Berdasarkan letak geografis, sejarah nenek-moyang bangsa Nusantara, ideologi dan falsafah Negara sebagai holy-spirit bagi setiap jiwa anak bangsa, Gajah Mada dengan tegas menetapkan konsep Negara Maritim yang sangat implementatif terhadap perkembangan bangsa besar ini.
Konsepsi Negara Maritim, sebagai warisan nenek-moyang terbukti mampu membawa bangsa ini selama seratus tujuh puluh tahun hidup tentram, damai, gemah ripah loh jinawi. Dan berwibawa di mata mancanegara.

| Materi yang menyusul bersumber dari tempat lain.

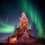 NORTHERN LIGHTS OVER BUKNES CHURCH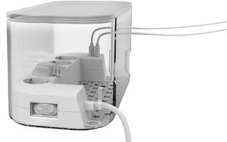 Staubschutz durch geschlossene Kabelbox: Die Steckdosen befinden sich in einer Kabelbox, die Steckplätze und Steckerverbindungen vor Staub schützt und das Kabelchaos beendet.

Namun, keruntuhan Majapahit akibat perebutan kekuasaan antar kerabat yang sangat klise telah merubah konsepsi dasar falsafah bangsa besar ini menjadi bangsa yang tak lagi mampu menguasai perairan yang sangat luas sebagai kekayaan di perairan Nusantara ini.
Kerajaan islam, Demak, Pajang, Jipang, Banten dan Mataram serta yang lain sebagai "penerus" Majapahit ternhyata tak mampu mempertahankan konsepsi Negara Maritim sebagai warisan yang sangat mahal yang pernah dimiliki bangsa besar ini.
Sebagai anak bangsa kiranya setelah kemerdekaan 65 tahun yang lalu mampukah dan sudahkah mampu mengetrapkan dan mengambil ajaran Gajah Mada ? .... kiranya sebagai harapan mudah-mudahan lahir gajah mada-gajah mada baru dihari esuk !!!!